I had this work with one of my horses. It didn't work with the other one I had later that was a bear to bridle.
I put a dab of spun honey on the bit. His stomach won out over his resistance to being bridled, and he started smacking and chewing as soon as he saw me come up with the bridle. It only took a few days before he was better. I'd bridle him, then take it off and put him away, in case he was making the association that bridle = work. Every now and then after that I'd randomly put the spun honey on the bit, and he became a dream to work with.
But, as I said, this didn't work with another horse, so it all depends on the individual.

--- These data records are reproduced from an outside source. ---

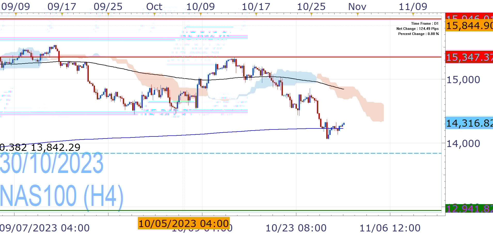 Markets now await the Fed's pivotal rate decision on Wednesday, which will likely determine the trajectory of NAS100. Markets expect a hold and believe that rates have already peaked, while there were some dovish remarks recently, but the strong economy and tight labor market keep more tightening in play. Any insights on the next steps will be the key focal point.
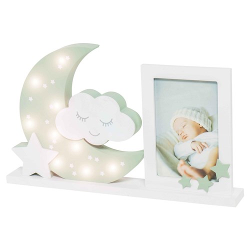 Ta ramka składa się z uroczego księżyca, słodkiej chmurki z buzią i małej gwiazdki. Ramka mieści zdjęcie o wymiarach 10 x15 cm. Szczególną cechą tej ramki jest to, że księżyc wyposażony jest w 9 małych lampek LED, dzięki czemu gwiazdki naprawdę świecą wokół zdjęcia dziecka. W ten sposób mamy rodzaj lampy, która roztacza bajkowe światło w pokoju dziecka lub w salonie i tworzy niesamowity efekt.
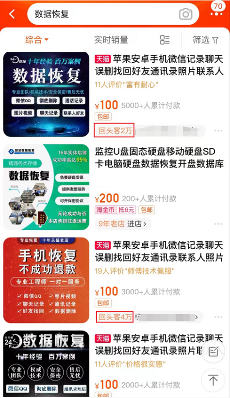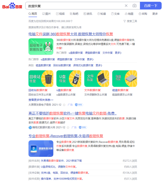 无脑通过百度搜“数据恢复”,会优先展示投竞价推广的网站。
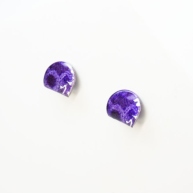 Pendientes Botón Aluminio Flor Morada

I ride a horse who is VERY HARD to bridle. He has fungus in his ears and hates to have them touched. If you get the bridle close to his ears he rears up and he even flipped over once . When I bridle him I put both cheek pieces on the bottom hole so I can pull the bridle over his ears without touching them. I back him up so his butt is against the wall and stand on a stool and hold a treat in my left hand (the hand holding the bit). I coax his head down with the treat and whip the bridle over his ears while being careful not to touch them. Then I re-adjust the cheek pieces and give him a ton of treats if he was good. His bit gets gunky but it is totally worth it. After a few months of this he hardly gives me any trouble.
Looking back on this thread, it seems that bribing with food has its place. Use with caution, as with the others.
Another that caught my eye was this, if he's tossing his head or trying to get away when bridling:
"After ruling out any physical problems, I got a length of fairly thin cotton rope. Then I constructed a "war bridle" as I had been taught by an old horseman. Basically it worked like a stabelizer or "Be Nice" halter. I made a small loop in the end with a bowline knot. That end was hanging down on his left side with the line going over the poll. The line is then looped or tied like a cavesson and the end goes through the first loop. Now you can gently tug on the end of the line and create poll pressure. I tried it on him and used short tugs to get him to realize that he could drop his head down to relieve the uncomfortable feeling. Then I would adjust the bridle a little more loosely and bridle him right over. You use gentle tugs on the rope to keep the head down. It took a while at first, but rapidly improved.The rope can then be removed and the bridle adjusted."
As for me, it seems that my horse just didn't want to see the bit. It took a long time to figure it out, but to this day, if the bit is in his line of sight he tries to get away. No problem at all if I just bring the bridle up from under his nose and slide the bit in. Can't hurt to try, I suppose.